15. The computing system of claim 11, wherein the video data comprises data associated with the plurality of frames of the video, one or more entity tags associated with features in the video, and metadata associated with the video, wherein the one or more entity tags were generated and stored before the input query is obtained.

16. The computing system of claim 11, wherein the video data comprises data associated with the plurality of frames of the video, one or more entity tags associated with features in the video, and metadata associated with the video, wherein the one or more entity tags are generated by:

processing the plurality of frames with one or more classification models to determine one or more classification labels based on detected features in the plurality of frames; and

generating entity tags for one or more respective frames of the plurality of frames, wherein the one or more entity tags are descriptive of the one or more classification labels associated with the one or more respective frames.

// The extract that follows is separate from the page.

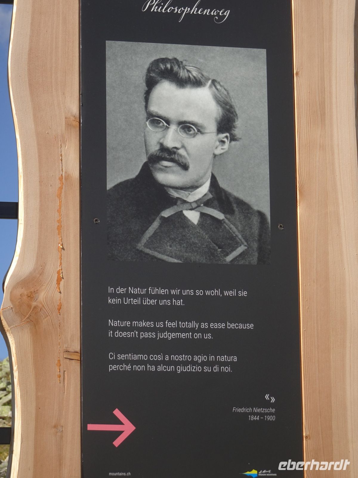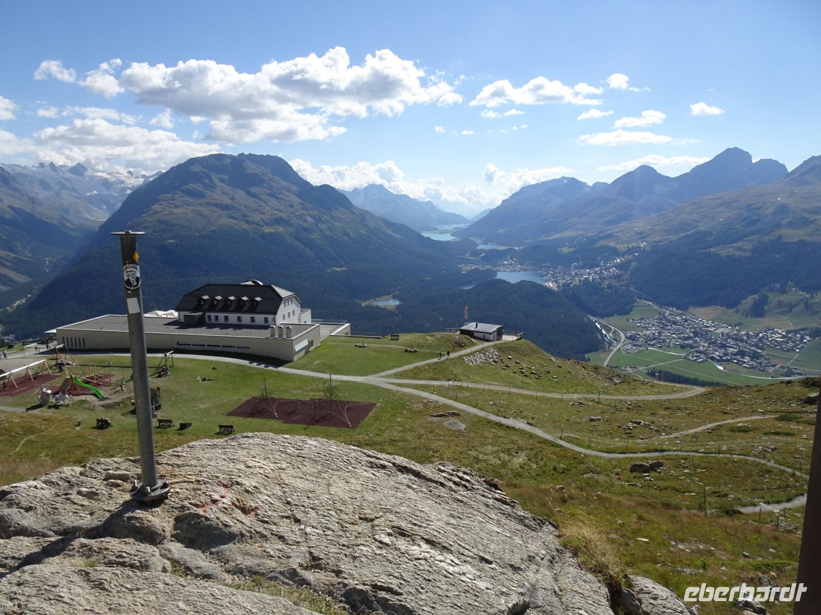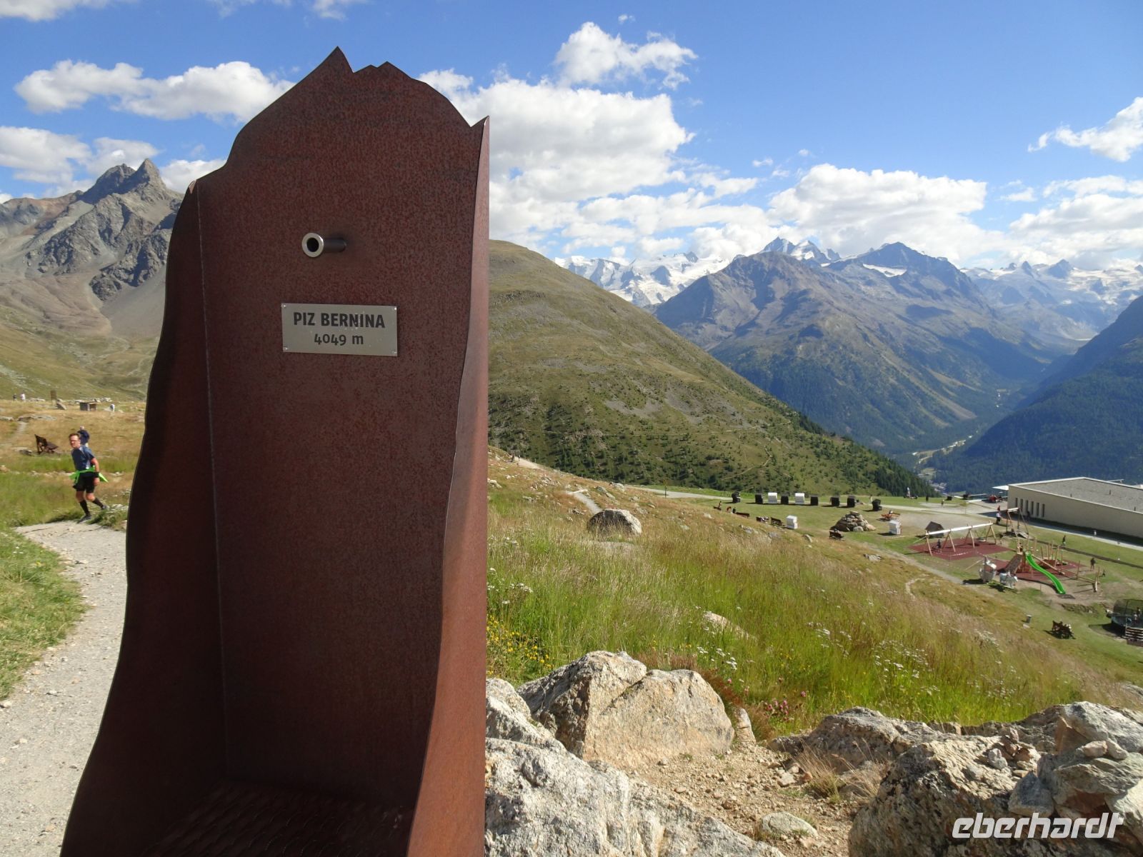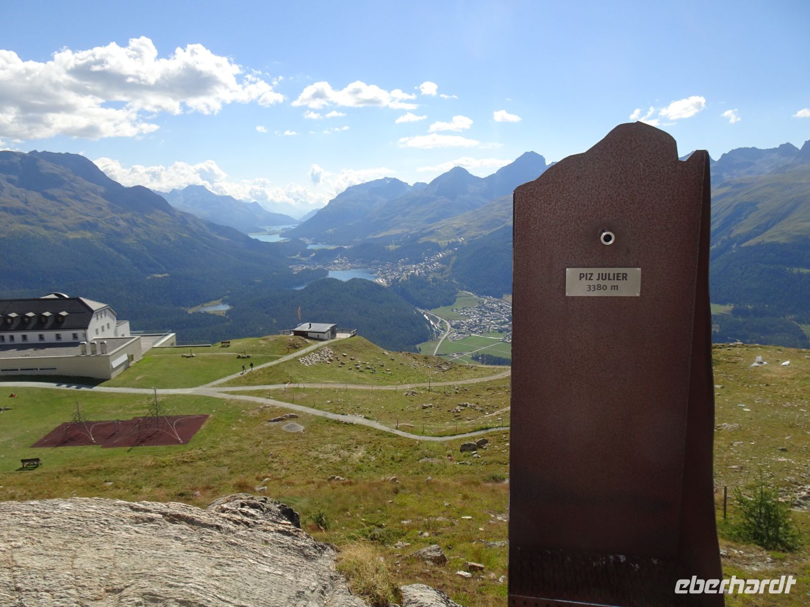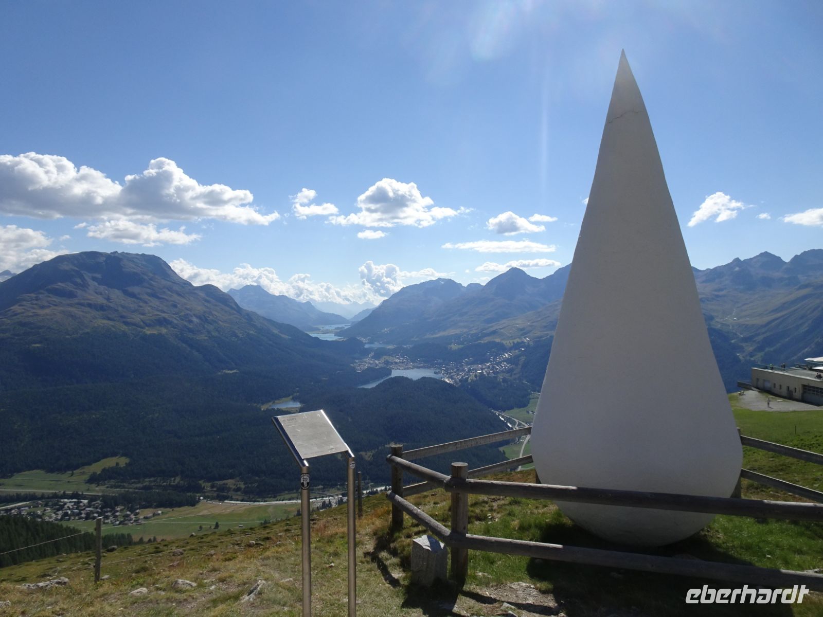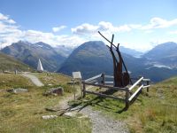 Wir hatten Glück - für uns gab es eine Sonderfahrt. Mit dem Philosophenweg, den auch Friedrich Nietzsche beging, und einigen Kunstwerken ein prächtiger Aussichtspunkt auf St. Moritz und die Seen des Oberengadin. Aber auch die Kunstwerke der Konditoren ließen sich einige Reisegäste nicht entgehen - bei einem Blick auf die Berge, wie z. B. Piz Bernina und Piz Julier.

17. One or more non-transitory computer-readable media that collectively store instructions that, when executed by one or more computing devices, cause the one or more computing devices to perform operations, the operations comprising:

obtaining an input query and video data, wherein the input query is associated with a video, and wherein the video data is associated with the video;

processing the input query and the video data with a machine-learned router model to generate a particular portion of video data and routing data, wherein the particular portion of the video data comprises a video clip generated based on the input query, wherein the video clip comprises a plurality of frames from the video, and wherein the routing data comprises a determination of a particular machine-learned model of a plurality of different models to process the video clip with to determine a query response, wherein the machine-learned router model:

determines a context of when the input query was input relative to what sequence of frames of the video was displayed when the input query was input,

determines an intent of the input query, wherein the intent is associated with a particular type of data requested,

determines the particular portion of the video data to segment based on the input query and the context of when the input query was input to generate the video clip,

isolates the particular portion of video data with the machine-learned router model, wherein the particular portion of video data comprises at least one of a set of frames, a region of the video, audio, entity tags for the video, video metadata, or a transcript of the video, and

determines the particular machine-learned model of a plurality of different models to process the particular portion of video data based on the particular type of data requested and the particular portion of the video data;

processing the particular portion of video data comprising the video clip with the particular machine-learned model of the plurality of different models to generate a model output, wherein the model output are associated with features in the video clip;

processing the model output with a generative model to generate the query response, wherein the generative model comprises a natural language processing model; and

providing the query response for display, wherein the query response is provided for display with the video.

18. The one or more non-transitory computer-readable media of claim 17, wherein the operations further comprise: one or more preprocessing tasks to generate a transcript and annotations that can be stored with the video to be utilized as part of the video data.

19. The one or more non-transitory computer-readable media of claim 17, wherein the operations further comprise: one or more preprocessing tasks to generate coarse classifications that can be stored with the video to be utilized as part of the video data.

20. The one or more non-transitory computer-readable media of claim 17, wherein the operations further comprise: one or more preprocessing tasks to generate entity tags that can be stored with the video to be utilized as part of the video data.